Chicagoans usually have many nightly options when it comes to quality jazz, but this is an especially fertile weekend. In this week's Soundboard I wrote previews for shows by violinist Regina Carter, guitarist Kurt Rosenwinkel, and pianist Brad Mehldau, but there are three more strong bands—both local and touring—playing around town over the next couple of nights. Tonight at Constellation the fantastic Boston pianist and composerPandelis Karayorgis will perform with the Chicago-centric quintet responsible for last year's Circuitous (Driff), one of my favorite albums of 2013. It will mark the first time the group has played in town since the album was released.
As I've written before, Karayorgis composed the music with the classic Tony Williams album Spring in mind, but the dazzling results proved that the leader has a conception all his own.

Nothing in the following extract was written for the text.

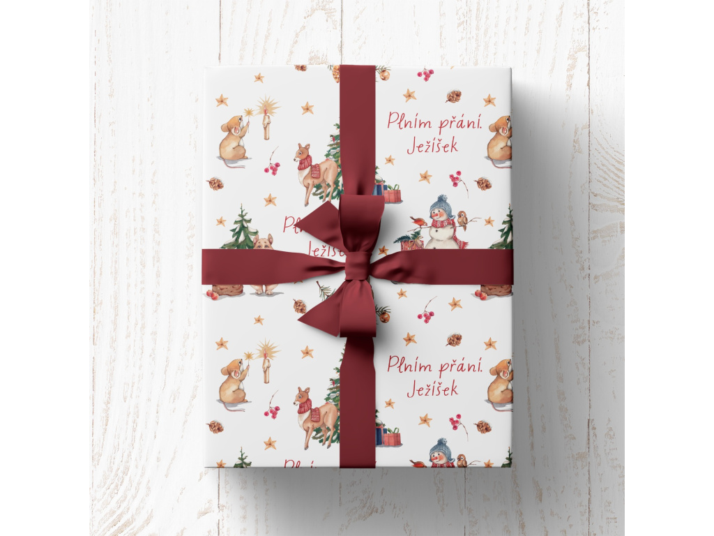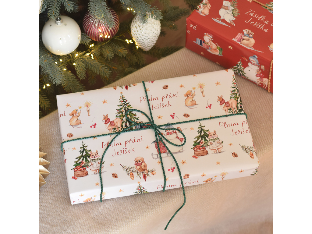Balicí papír Vánoční zvířátka - Plním přání. Ježíšek - Set 3 XXL archu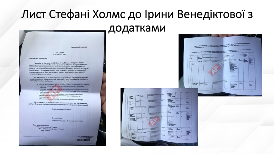 Деркач опубликовал письмо директора департамента по правоохранительным вопросам посольства США Стефани Холмс в адрес Венедиктовой. Там указан список "независимых экспертов", которые войдут в кадровые комиссии по отбору украинских прокуроров.

The dynamic frontline pairs reedists Keefe Jackson and Dave Rempis, both delivering some of the strongest playing of their careers. They're supported by the agile rhythm section of bassist Nate McBride—making only his second area appearance after he moved back to Boston a year ago—drummer Frank Rosaly, and the pianist himself, a probing musical mind who routinely finds contemporary ideas within the vintage sounds of Herbie Nichols, Hasaan Ibn Ali, and Elmo Hope. Below you can check out the smoldering, concentrated intensity of "Here in July."
Peter Margasak, Chicago Reader/The Bleader, April 2014
Pandelis Karayorgis writes chewy, nourishing melodies, at mostly medium tempos, with an angular bite but an innate tunefulness. That’s only one reason that Karayorgis strikes me as our era’s answer to Thelonious Monk. Like Monk, he plays the piano with a firm attack and a lively, highly personal technique which, in the 50s (when Monk reigned), would have been called “unorthodox.” (Such devices as discordant tone clusters and unexpected keyboard eruptions have subsequently become part and parcel of the modern pianist’s playbook, but Karayorgis still manages to make them sound unique – Monkish, even, without copping actual notes or phrases.) And like Monk, Karayorgis shapes the talents of his chosen bandmates to the demands of his own music, reining but not restraining their individualism. Monk did this with such artists as John Coltrane, Johnny Griffin, and Sonny Rollins; on last year’s Circuitous (Driff Records), Karayorgis similarly uses the reedists Dave Rempis and Keefe Jackson to illuminate his music while adding their own highlights, as part of the quintet he’ll lead at ConstellationFriday night.
The Boston-based Karayorgis has a special relationship with Chicago. He appears here on a semi-regular basis, and he has worked minor miracles with like-minded local improvisers, most notably reedist Ken Vandermark, clarinetist Guillermo Gregorio, and Nate McBride, the bassist who has anchored Karayorgis’s trios and larger groups since the mid-90s. (McBride moved to Chicago from Boston several years after Karayorgis arrived and recently relocated there.) For Circuitous, the pianist assembled a band of the usual suspects from Chicago’s new-music scene, featuring, in addition to the reed players, McBride and drummer Frank Rosaly. Seasoned listeners have heard all these guys in plenty of varying combinations before, and perhaps even all in the same band; focused on Karayorgis’s compositions, however, their interactions take on a different character, thanks to the pianist’s structures and arrangements.
The slow-moving “Nudge” would sound fine in a trio setting, where the pianist alone could mark the open harmonies created by parallel melodic lines. Karayorgis does that here, but he expands the song’s impact by also assigning those lines to the saxes; the arrangement knits the band tightly together before gentle and beguiling solos by Rempis, Jackson, and McBride, each with minimal accompaniment. The subsequent “Swarm” takes an almost opposite tack: after the busily buzzing theme (hence the title), each of the soloists gets plenty of assistance, in the form of assertive, even abrupt interpolations from the others, recapping the density of the opening statement. Throughout the album, Karayorgis offers variations on these approaches, stamping each tune as his own – thanks to the initial melody and his framing of the solos – and then enjoying the reflected glory from the improvisations of his world-class collaborators. The music remains resolutely “inside-out”: innovative, sometimes discordant, but eminently listenable even to avant-garde newbies.
Other delights include the presence of two voices not so often heard – Rempis’s alto (he also plays tenor and baritone in the group) and Jackson’s use of the comically low contrabass clarinet (along with tenor and bass clarinet) – and the chance to hear the always composition-minded Rosaly supplying percussion to fit another composer’s vision. Despite all the familiar names, I’d still chalk this one up as a special event.